* Work request:
From the material below, copy exactly the lines beginning with the one that contains "Bilbordy zjavne prekvapili" and ending with the one that contains "Gubernur Jawa Timur"; the pictures stay out.

* Data for this exercise:
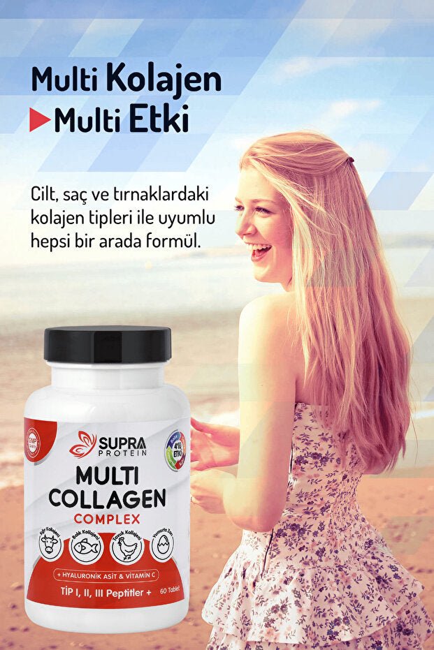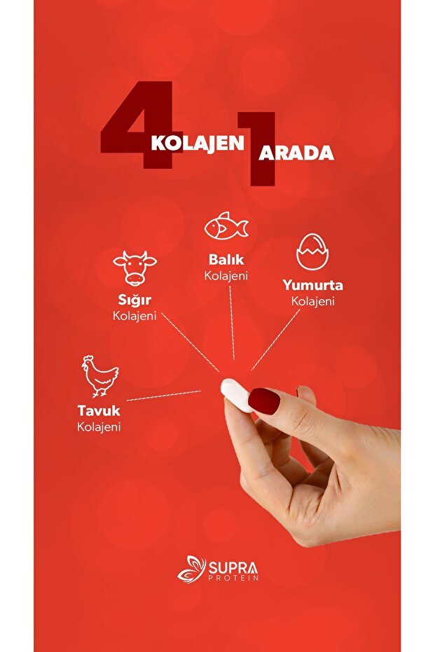 افتحي بشرة متألقة، وشعر قوي، ومفاصل مرنة مع مركب سوبر بروتين متعدد الكولاجين. هذه التركيبة الفريدة، الأولى من نوعها في تركيا، تجمع بين الكولاجين من 4 مصادر قوية: البقر، والأسماك، والدجاج، وغشاء البيض المبتكر.
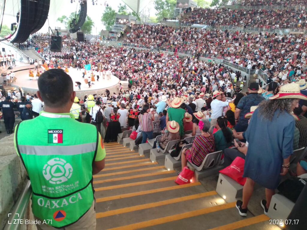 Oaxaca de Juárez, Oax. 18 de julio de 2023.- La Coordinación Estatal de Protección Civil y Gestión de Riesgos (CEPCyGR) reportó saldo blanco en la emisión vespertina del primer Lunes del Cerro, máximo evento de la Guelaguetza donde participaron las 16 culturas originarias y el pueblo afromexicano.
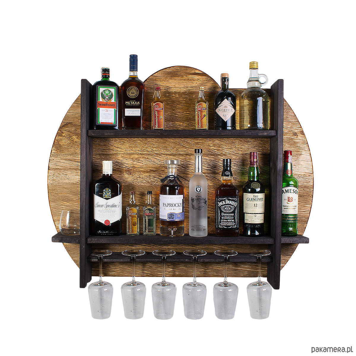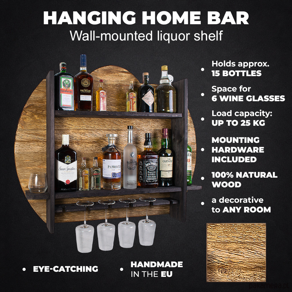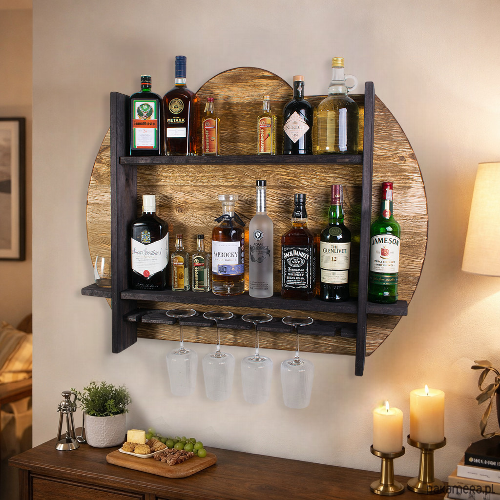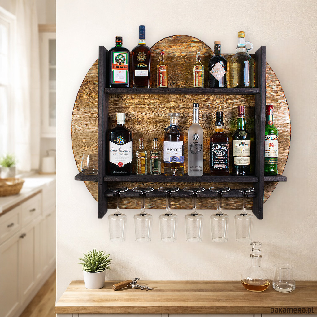 Półka została zaprojektowana z myślą o wygodnym przechowywaniu butelek oraz zawieszaniu kieliszków w jednym, spójnym systemie. Dzięki kilku poziomom możesz uporządkować domowy barek, tworząc jednocześnie atrakcyjną dekorację ścienną. Model ten mieści 6 kieliszków, co pozwala stworzyć praktyczną strefę do serwowania ulubionych trunków w zasięgu ręki.
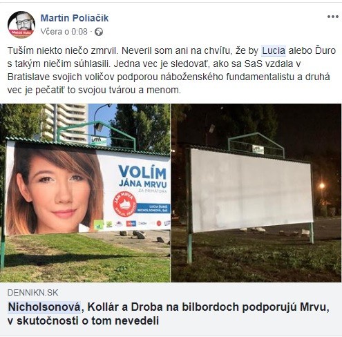 Bilbordy zjavne prekvapili aj bývalého straníckeho kolegu spomínanej dvojice Martina Poliačika. "Neveril som ani na chvíľu, že by Lucia alebo Ďuro s niečím takým súhlasili. Jedna vec je sledovať, ako sa SaS vzdala v Bratislave svojich voličov v prospech náboženského fundamentalistu a druhá vec je pečatiť to tvárou a menom," uviedol Poliačik na sociálnej sieti.
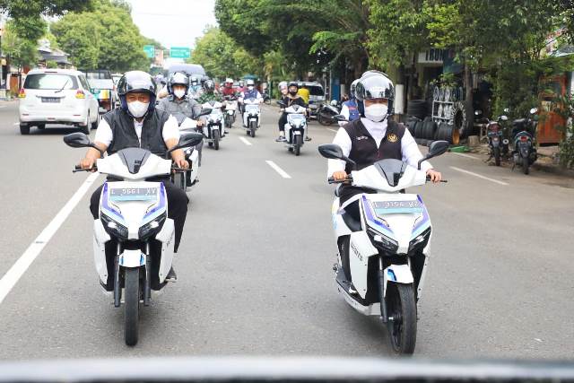 Gubernur Jawa Timur Khofifah Indar Parawansa dalam suatu kesempatan mencoba motor listrik.
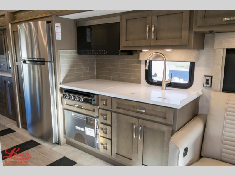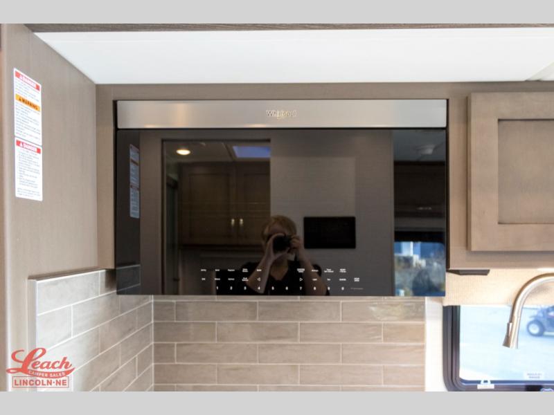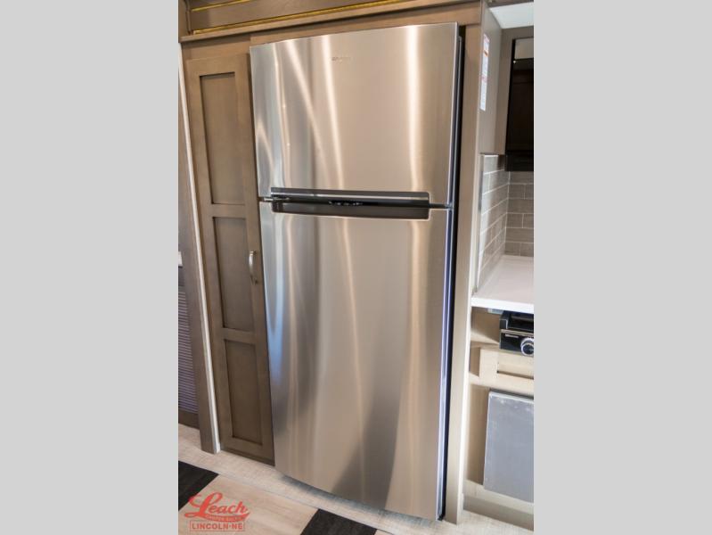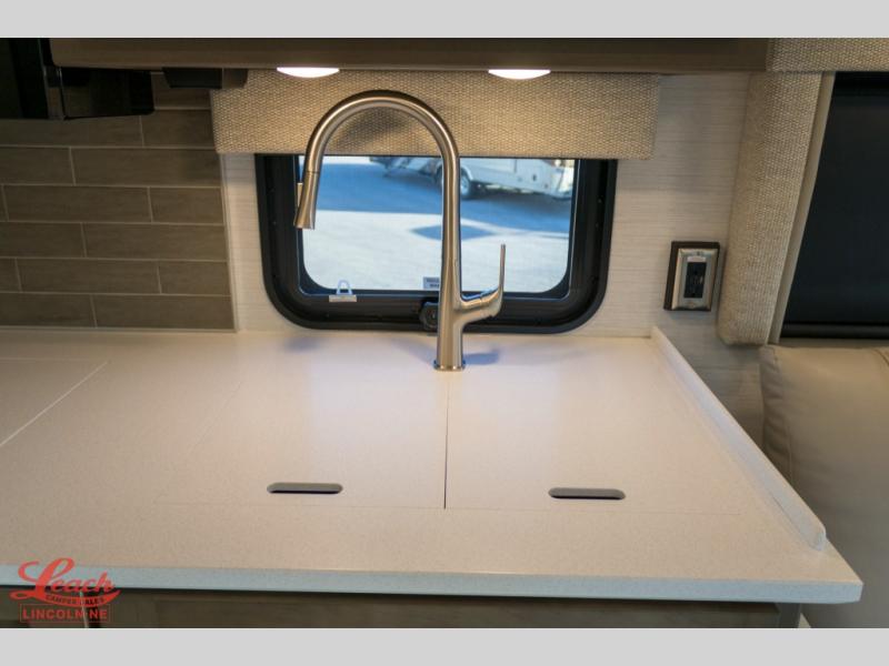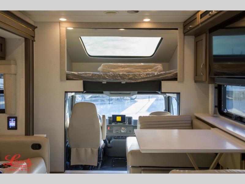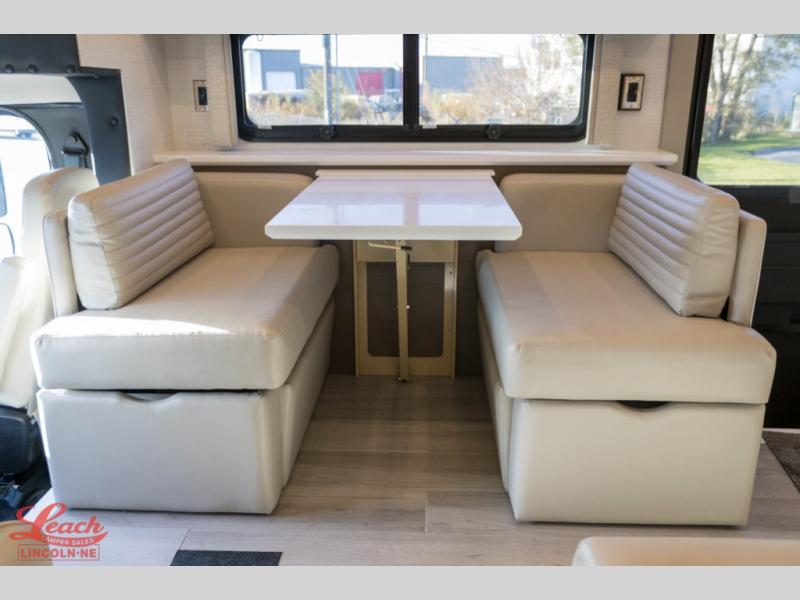 This motorhome is perfect for first time RVers who are looking for a smaller floorplan! The rear private bedroom has a retracting king bed slide across from shirt wardrobes and dresser with an optional washer and dryer below it. If you need more sleeping space then you can utilize the bunk over cab, transform the booth dinette, or lay on the 68" sofa comfort lounge. The chef can prepare their best home cooked meals with the microwave convection oven with air fryer and 18 cu. ft. residential refrigerator, plus you could add the optional induction cooktop or optional dishwasher for easy cleanup. After a long day of traveling, you can easily freshen up in the full bathroom with the 40" x 30" shower and store any necessary toiletries in the overhead cabinets!

* Exercise response:
 Bilbordy zjavne prekvapili aj bývalého straníckeho kolegu spomínanej dvojice Martina Poliačika. "Neveril som ani na chvíľu, že by Lucia alebo Ďuro s niečím takým súhlasili. Jedna vec je sledovať, ako sa SaS vzdala v Bratislave svojich voličov v prospech náboženského fundamentalistu a druhá vec je pečatiť to tvárou a menom," uviedol Poliačik na sociálnej sieti.
 Gubernur Jawa Timur Khofifah Indar Parawansa dalam suatu kesempatan mencoba motor listrik.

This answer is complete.